Magistrado ResponsávelCons. M
Data da Resolução19 de Junho de 2008
EmissorTribunal Constitucional (Port

ACÓRDÃO N.º 340/2008 Processo n.º 447/08 2.ª Secção

Relator: Conselheiro Mário Torres

Acordam na 2.ª Secção do Tribunal Constitucional,

1. Relatório

O Ministério Público deduziu acusação contra A., imputando-lhe a autoria material, em concurso real e na forma consumada, de: (i) um crime de associação de auxílio à imigração ilegal, previsto e punido pelo artigo 135.º, n.ºs 1 e 3; (ii) um crime de angariação de mão-de-obra ilegal, previsto e punido pelo artigo 136.º-A; (iii) 198 crimes de auxílio à imigração ilegal, previstos e punidos pelo artigo 134.º-A, n.º 2, todos do Decreto-Lei n.º 244/98, de 8 de Agosto, na redacção introduzida pelo Decreto-Lei n.º 34/2003, de 25 de Fevereiro; (iv) 198 crimes de falsificação de documento, previstos e punidos pelo artigo 256.º, n.ºs 1 e 3; (v) 24 crimes de corrupção activa, previstos e punidos pelo artigo 374.º, n.º 1; (vi) 17 crimes de lenocínio, previstos e punidos pelo artigo 170.º, n.º 2; (vii) 7 crimes de tráfico de influência, previstos e punidos pelo artigo 335.º; (viii) 4 crimes de burla, previstos e punidos pelo artigo 217.º; (ix) um crime de descaminho, previsto e punido pelo artigo 355.º; e (x) um crime de extorsão, previsto e punido pelo artigo 223.º, todos do Código Penal.
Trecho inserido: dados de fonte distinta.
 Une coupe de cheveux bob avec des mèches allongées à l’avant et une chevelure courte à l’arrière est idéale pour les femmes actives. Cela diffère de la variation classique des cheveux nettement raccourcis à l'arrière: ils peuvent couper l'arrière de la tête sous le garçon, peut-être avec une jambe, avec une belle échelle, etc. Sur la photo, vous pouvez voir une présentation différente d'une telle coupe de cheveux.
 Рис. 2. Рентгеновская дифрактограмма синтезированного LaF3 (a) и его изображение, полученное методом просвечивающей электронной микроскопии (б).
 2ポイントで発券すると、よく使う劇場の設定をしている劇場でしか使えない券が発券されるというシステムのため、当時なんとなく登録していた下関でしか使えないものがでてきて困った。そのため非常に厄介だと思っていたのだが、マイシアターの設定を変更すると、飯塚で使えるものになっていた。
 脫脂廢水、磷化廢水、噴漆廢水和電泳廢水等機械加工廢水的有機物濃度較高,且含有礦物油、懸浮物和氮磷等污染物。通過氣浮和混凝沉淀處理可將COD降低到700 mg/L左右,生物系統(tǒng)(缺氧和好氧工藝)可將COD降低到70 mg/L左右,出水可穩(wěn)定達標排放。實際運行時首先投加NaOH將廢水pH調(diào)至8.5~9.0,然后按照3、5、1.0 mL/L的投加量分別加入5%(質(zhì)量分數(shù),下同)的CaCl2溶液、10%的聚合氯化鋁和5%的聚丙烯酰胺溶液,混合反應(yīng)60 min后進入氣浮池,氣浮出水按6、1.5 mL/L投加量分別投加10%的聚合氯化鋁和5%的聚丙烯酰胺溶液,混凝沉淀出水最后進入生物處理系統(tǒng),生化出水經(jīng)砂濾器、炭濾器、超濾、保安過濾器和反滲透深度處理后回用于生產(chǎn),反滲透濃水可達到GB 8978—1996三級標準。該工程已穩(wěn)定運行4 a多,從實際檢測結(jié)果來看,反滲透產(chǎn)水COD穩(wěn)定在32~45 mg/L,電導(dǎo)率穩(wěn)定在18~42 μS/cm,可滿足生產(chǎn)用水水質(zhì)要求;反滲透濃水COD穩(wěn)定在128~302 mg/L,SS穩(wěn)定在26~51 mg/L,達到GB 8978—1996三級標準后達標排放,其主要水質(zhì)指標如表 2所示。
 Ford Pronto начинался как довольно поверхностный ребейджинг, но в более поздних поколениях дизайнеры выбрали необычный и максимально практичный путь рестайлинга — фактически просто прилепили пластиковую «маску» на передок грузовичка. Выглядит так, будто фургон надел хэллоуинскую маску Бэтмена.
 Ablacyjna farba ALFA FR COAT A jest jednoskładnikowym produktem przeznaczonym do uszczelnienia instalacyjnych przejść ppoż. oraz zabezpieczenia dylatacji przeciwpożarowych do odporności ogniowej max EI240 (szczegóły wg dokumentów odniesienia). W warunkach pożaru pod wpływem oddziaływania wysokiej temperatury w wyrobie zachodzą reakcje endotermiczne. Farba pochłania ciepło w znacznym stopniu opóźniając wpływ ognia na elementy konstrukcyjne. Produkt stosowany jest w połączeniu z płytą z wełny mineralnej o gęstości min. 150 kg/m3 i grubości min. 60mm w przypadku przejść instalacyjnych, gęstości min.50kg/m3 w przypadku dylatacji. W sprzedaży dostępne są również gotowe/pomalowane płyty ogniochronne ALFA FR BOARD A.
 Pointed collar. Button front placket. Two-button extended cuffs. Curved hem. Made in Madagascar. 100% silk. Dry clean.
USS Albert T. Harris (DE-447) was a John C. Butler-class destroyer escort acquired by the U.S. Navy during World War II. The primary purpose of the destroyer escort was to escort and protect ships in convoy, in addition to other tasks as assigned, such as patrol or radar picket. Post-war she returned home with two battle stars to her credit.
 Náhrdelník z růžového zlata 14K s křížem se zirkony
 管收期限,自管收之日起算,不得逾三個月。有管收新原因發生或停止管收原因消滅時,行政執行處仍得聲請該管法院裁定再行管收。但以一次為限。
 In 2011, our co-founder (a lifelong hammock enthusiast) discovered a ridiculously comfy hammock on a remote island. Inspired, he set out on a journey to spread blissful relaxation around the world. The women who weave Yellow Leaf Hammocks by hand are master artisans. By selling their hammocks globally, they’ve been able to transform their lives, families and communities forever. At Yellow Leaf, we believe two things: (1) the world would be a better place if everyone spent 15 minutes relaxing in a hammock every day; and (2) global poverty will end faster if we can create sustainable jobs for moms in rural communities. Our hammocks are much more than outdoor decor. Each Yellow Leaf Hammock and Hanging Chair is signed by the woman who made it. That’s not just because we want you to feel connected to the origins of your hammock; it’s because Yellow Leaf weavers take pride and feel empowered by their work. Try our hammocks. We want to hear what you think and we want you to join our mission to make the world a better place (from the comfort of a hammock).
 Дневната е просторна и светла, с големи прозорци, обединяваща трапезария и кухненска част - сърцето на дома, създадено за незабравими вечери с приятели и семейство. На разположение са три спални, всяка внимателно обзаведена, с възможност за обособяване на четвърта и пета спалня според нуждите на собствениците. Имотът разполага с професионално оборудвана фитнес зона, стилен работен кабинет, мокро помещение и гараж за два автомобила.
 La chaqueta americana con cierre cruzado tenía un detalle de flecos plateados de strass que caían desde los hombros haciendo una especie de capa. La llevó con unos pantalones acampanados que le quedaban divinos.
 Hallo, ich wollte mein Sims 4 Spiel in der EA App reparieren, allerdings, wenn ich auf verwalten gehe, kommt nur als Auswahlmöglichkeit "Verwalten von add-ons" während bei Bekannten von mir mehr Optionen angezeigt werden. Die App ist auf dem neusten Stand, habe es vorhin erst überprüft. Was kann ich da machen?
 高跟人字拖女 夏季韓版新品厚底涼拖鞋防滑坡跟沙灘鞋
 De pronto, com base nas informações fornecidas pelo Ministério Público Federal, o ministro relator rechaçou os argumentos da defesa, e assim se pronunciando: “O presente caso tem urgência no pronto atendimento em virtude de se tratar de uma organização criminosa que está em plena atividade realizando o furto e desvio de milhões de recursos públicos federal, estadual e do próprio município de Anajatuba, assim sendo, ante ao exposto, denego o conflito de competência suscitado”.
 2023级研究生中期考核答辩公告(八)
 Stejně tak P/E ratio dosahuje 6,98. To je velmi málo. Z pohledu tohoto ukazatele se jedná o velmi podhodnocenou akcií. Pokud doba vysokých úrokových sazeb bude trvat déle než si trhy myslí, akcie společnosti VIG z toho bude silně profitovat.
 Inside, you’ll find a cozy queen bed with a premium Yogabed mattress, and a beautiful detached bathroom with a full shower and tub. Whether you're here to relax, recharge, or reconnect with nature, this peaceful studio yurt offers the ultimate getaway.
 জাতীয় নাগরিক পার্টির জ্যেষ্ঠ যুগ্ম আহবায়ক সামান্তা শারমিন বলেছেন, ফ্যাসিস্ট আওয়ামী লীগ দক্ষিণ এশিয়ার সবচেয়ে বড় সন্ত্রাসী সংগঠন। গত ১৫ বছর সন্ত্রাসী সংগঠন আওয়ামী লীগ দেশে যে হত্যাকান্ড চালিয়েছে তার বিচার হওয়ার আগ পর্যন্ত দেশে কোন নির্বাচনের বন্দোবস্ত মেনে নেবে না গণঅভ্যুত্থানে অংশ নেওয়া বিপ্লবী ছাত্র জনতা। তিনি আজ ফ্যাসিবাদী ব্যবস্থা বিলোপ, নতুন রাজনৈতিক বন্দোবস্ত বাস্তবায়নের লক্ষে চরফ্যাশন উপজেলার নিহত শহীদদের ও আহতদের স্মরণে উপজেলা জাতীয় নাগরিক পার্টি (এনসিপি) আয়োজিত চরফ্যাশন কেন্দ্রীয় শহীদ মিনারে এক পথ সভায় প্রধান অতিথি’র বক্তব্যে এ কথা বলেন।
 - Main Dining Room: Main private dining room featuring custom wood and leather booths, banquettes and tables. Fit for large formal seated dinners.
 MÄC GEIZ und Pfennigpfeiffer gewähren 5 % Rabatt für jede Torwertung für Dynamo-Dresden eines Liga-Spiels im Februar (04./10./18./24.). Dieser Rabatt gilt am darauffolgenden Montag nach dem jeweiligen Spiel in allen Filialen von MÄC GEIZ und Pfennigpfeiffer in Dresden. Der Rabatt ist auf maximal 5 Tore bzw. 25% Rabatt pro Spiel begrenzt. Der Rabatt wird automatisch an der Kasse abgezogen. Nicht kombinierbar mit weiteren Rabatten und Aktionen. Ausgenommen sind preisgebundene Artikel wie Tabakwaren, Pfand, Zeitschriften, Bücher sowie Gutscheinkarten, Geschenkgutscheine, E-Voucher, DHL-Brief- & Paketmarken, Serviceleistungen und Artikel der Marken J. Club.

A referida arguida apresentou requerimento de abertura de instrução no qual, além do mais, arguiu: (i) a nulidade das escutas telefónicas, por alegada violação do disposto nos artigos 187.º e 188.º do Código de Processo Penal (CPP) e 32.º, n.ºs 1 e 8, 43.º, n.ºs 1 e 4, e 18.º, n.º 2, da Constituição da República Portuguesa (CRP); e (ii) a inconstitucionalidade orgânica e material do artigo 134.º-A, n.º 2, do Decreto-Lei n.º 244/98, na redacção introduzida pelo Decreto-Lei n.º 34/2003, e a inconstitucionalidade orgânica do artigo 2.º, alínea o), da Lei n.º 22/2002, de 21 de Agosto e dos artigos 135.º e 136.º, n.º 2, do Decreto-Lei n.º 244/98, na redacção introduzida pelo Decreto-Lei n.º 34/2003, por violação do artigo 165.º, n.º s 1, alíneas b) e c), e 2, da CRP.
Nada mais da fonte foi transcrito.